* **The data**
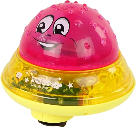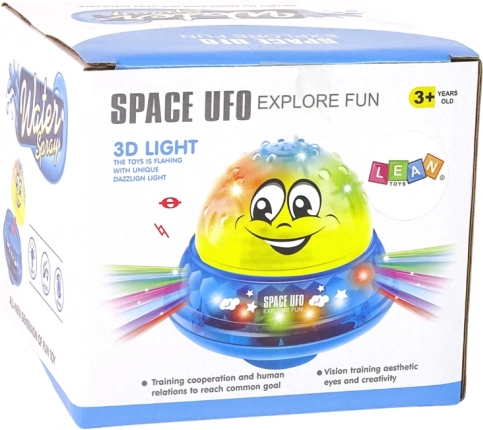 Minge de apă UFO este o jucărie din două piese care funcționează atât ziua, cât și noaptea. Are culoarea roz, cu orificii în partea de sus prin care stropește apă când este scufundată. După baie, jucăria poate fi mutată în cameră, unde o așteaptă o mică platou în forma unei farfurii zburătoare. La conectarea suprafeței mingii cu platoul, se activează muzică veselă și diode colorate, creând o mică discotecă acasă.
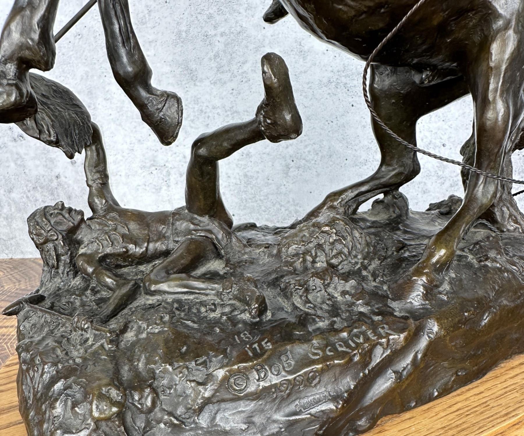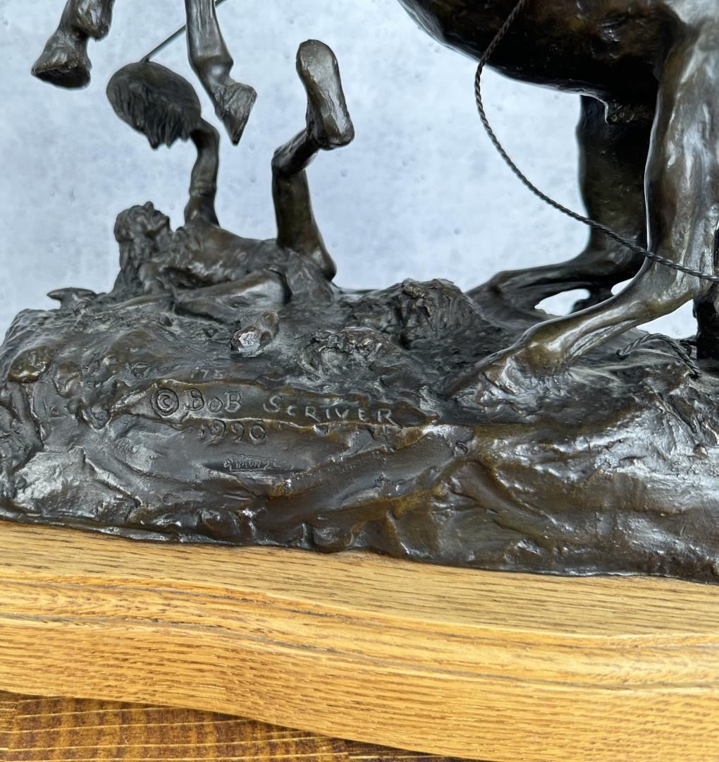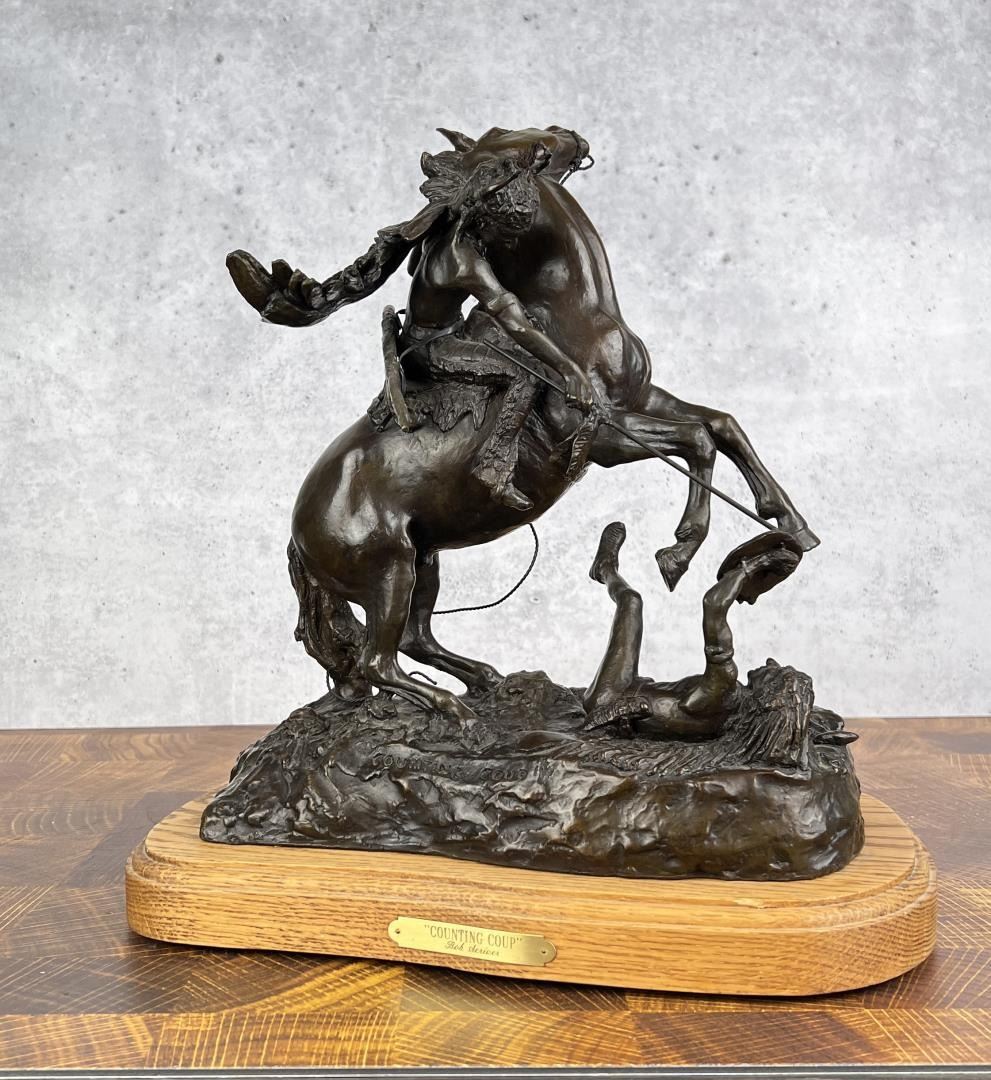 Title is Counting Coup. 15 5/8" by 15 1/4" by 9". Bob (Robert Macfie) Scriver (1914 - 1999) was active/lived in Montana. Bob Scriver is known for Animal and western sculpture. Bob Scriver was an elected member in both the Cowboy Artists of America organization and the National Academy of Western Art. He was a member of the Salmagundi Club and was accepted for membership in the National Sculpture Society. Scriver created heroic sculptures in Montana of the expedition of Lewis and Clark, and in Wyoming of the legendary Buffalo Bill. His Cowboy works include a heroic work of Bill Linderman at the Cowboy Hall of Fame in Oklahoma and his "Rodeo In Bronze" series, one of four belonging to the Devonian Institute in Canada. Scriver was commissioned to do such pieces as a Montana Trapper and belt buckle for the Montana Historical Society to help raise funds to purchase the C.M. Russell painting, When the Land Belonged to God, which raised $96,000.00. In 1981, for the Winchester Arms Company, he was also commissioned to do a famous logo called, The Winchester Rider. This set a new record for contemporary sculptors with gross sales totaling over one million dollars. This edition of 250 was completely sold out in 30 days from the time of National advertising. Scriver's art depicts a sense of freedom that has been lost by the Indian and is seemingly being lost by the cowboy. The Late Dr. Harold McCracken, Director Emeritus of the Whitney Gallery of Western Art, was quoted in the forward of Scriver's book NO MORE BUFFALO as calling Scriver: "America's foremost sculptor today-bar none". Scriver died January 29,1999. He has left behind him stories, and dreams of the West....in bronze.
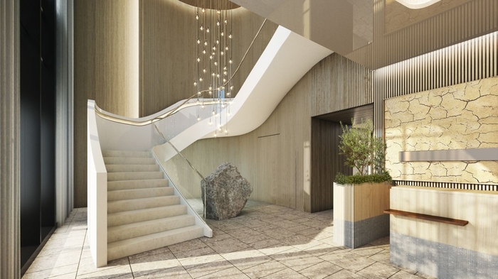 부드러운 곡선의 나선형 계단 / 사진=메리어트 공용 공간으로 나오면 더 재밌어진다. 부드러운 곡선의 나선형 계단은 완만한 언덕을 오르는 듯한 느낌을 준다. 그 위로 고드름을 닮은 샹들리에가 매달려 있는데,홋카이도 겨울을 상징적으로 표현했다. 아래에는 삿포로 연질석으로 만든 조각상이 있다. 고드름에서 떨어지는 물방울을 형상화했다.
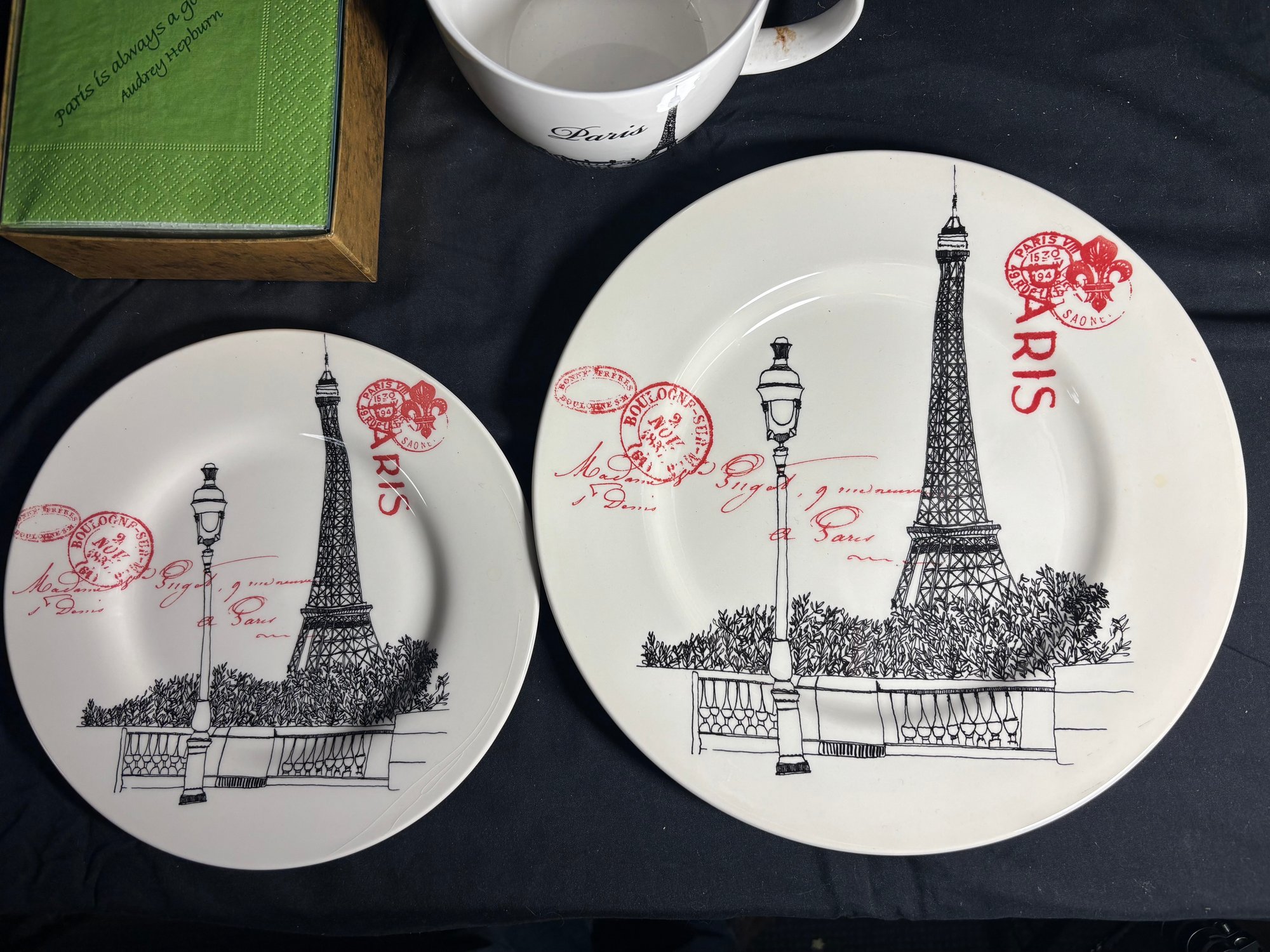 Paris France Mug, Plates, And Napkins
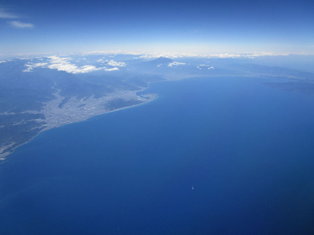 東京湾上空で旋回を繰り返して上昇、横浜を通過して西へ。
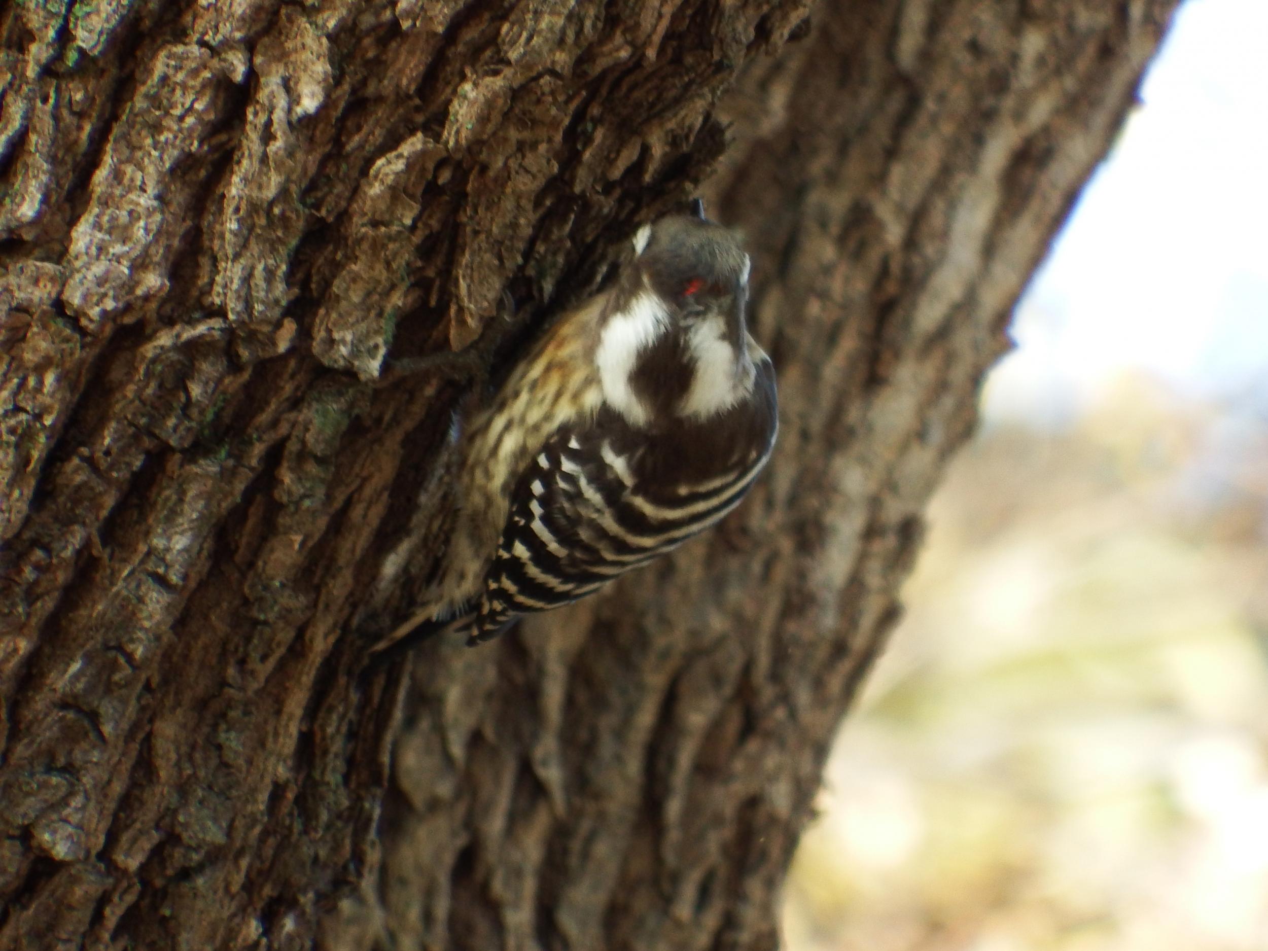 さっきのとは別のコゲラ、頭のてっぺんの赤い羽も見えます。あっ、瞬膜も写ってました。

* **Exercise instructions**
Output exactly the lines from the one containing "부드러운 곡선의 나선형 계단 /" through the last line of the records above, both included, leaving out any pictures.

* **Answer to this exercise**
 부드러운 곡선의 나선형 계단 / 사진=메리어트 공용 공간으로 나오면 더 재밌어진다. 부드러운 곡선의 나선형 계단은 완만한 언덕을 오르는 듯한 느낌을 준다. 그 위로 고드름을 닮은 샹들리에가 매달려 있는데,홋카이도 겨울을 상징적으로 표현했다. 아래에는 삿포로 연질석으로 만든 조각상이 있다. 고드름에서 떨어지는 물방울을 형상화했다.
 Paris France Mug, Plates, And Napkins
 東京湾上空で旋回を繰り返して上昇、横浜を通過して西へ。
 さっきのとは別のコゲラ、頭のてっぺんの赤い羽も見えます。あっ、瞬膜も写ってました。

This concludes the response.